本発明の好ましい実施形態は上記の通りであるが、本発明はそれらのみに限定されるものではなく、本発明の趣旨と範囲とから逸脱することのない様々な実施形態が他になされる。さらに、本実施形態において述べられる作用および効果は一例であり、本発明を限定するものではない。
100,100a 積層フィルム
110,110a ポリアミド系樹脂層
120 接着層
130 ポリオレフィン系樹脂層
200 印刷層
300 プライマー層
400 バッカー層
500 床材

Claims (15)

  1. 床表層材に用いられる積層フィルムであって、
    少なくとも、ポリオレフィン系樹脂の層と、前記ポリオレフィン系樹脂の層上に接着層を介して積層されたポリアミド系樹脂の層とを含み、
    前記ポリオレフィン系樹脂層は、オレフィン単独重合樹脂、オレフィン共重合樹脂、またはオレフィン単独重合樹脂とオレフィン共重合樹脂との混合樹脂である、積層フィルム。
  2. 40℃、相対湿度90%環境下で7日保管した場合の寸法変化率が±1.1%以下である、請求項1に記載の積層フィルム。
  3. 前記ポリアミド系樹脂の吸水率が、8wt%以下である、請求項1または2に記載の積層フィルム。
  4. 前記ポリアミド系樹脂が、11−ナイロンおよび12−ナイロンから選択される、請求項1から3のいずれか1項に記載の積層フィルム。
  5. 前記ポリアミド系樹脂の層、前記接着層および前記ポリオレフィン系樹脂の層の総層厚に対し、前記ポリアミド系樹脂の層の厚みが10%以上90%以下である、請求項1から4のいずれか1項に記載の積層フィルム。
  6. 前記ポリアミド系樹脂の層、前記接着層および前記ポリオレフィン系樹脂の層の総層厚に対し、前記ポリオレフィン系樹脂の層の厚みが10%以上90%以下である、請求項1から5のいずれか1項に記載の積層フィルム。

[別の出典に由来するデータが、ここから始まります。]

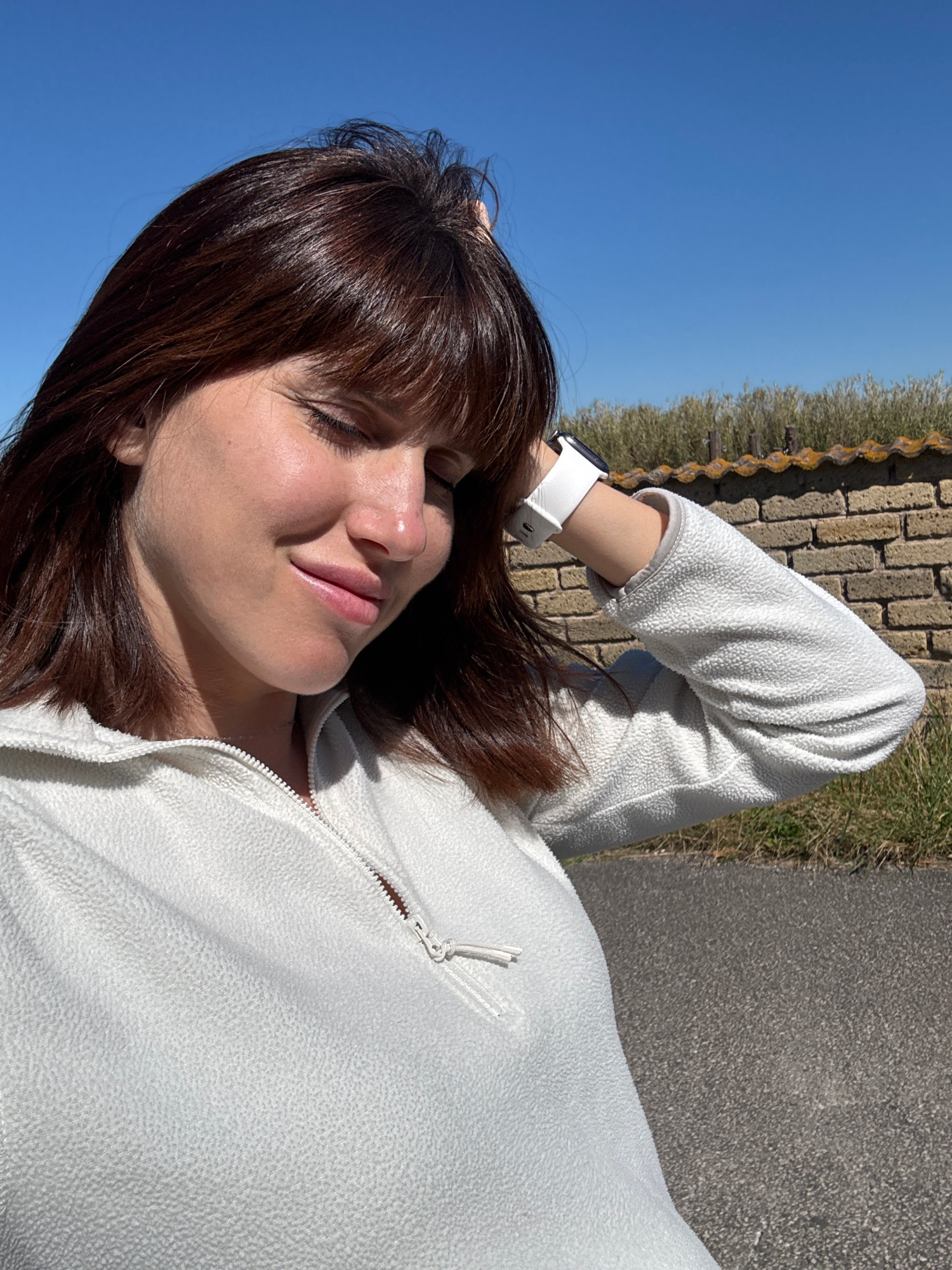 The image shows a woman lying on what appears to be asphalt, possibly a road or path. She is wearing a white fleece jacket and has dark hair with bangs. A white smartwatch is visible on her left wrist…read more

  7. 曇度が8%以下である、請求項1から6のいずれか1項に記載の積層フィルム。
  8. ヤング率が300MPa以上800MPa以下である、請求項1から7のいずれか1項に記載の積層フィルム。
  9. 引張強度が30MPa以上70MPa以下である、請求項1から8のいずれか1項に記載の積層フィルム。
  10. 伸び率が350%以上500%以下である、請求項1から9のいずれか1項に記載の積層フィルム。

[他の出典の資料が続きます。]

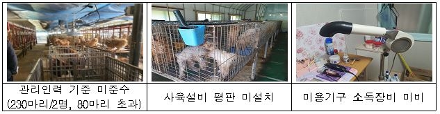 | ▲ 반려동물 업체 법규 위반 사례 [농식품부 제공] |

  11. 前記ポリアミド系樹脂の融点が160℃以上270℃以下である、請求項1から3および5から10のいずれか1項に記載の積層フィルム。
  12. 前記ポリオレフィン系樹脂の層の、前記接着層と反対側の面が親水化処理されている、請求項1から11のいずれか1項に記載の積層フィルム。
  13. 前記反対側の面の濡れ指数が、35ダイン以上55ダイン以下である、請求項12に記載の積層フィルム。
  14. 前記反対側の面に印刷層をさらに含む、請求項12または13に記載の積層フィルム。
  15. 請求項14に記載の積層フィルムと、前記ポリオレフィン系樹脂の層の側に積層されたバッカー層と、を含む床材。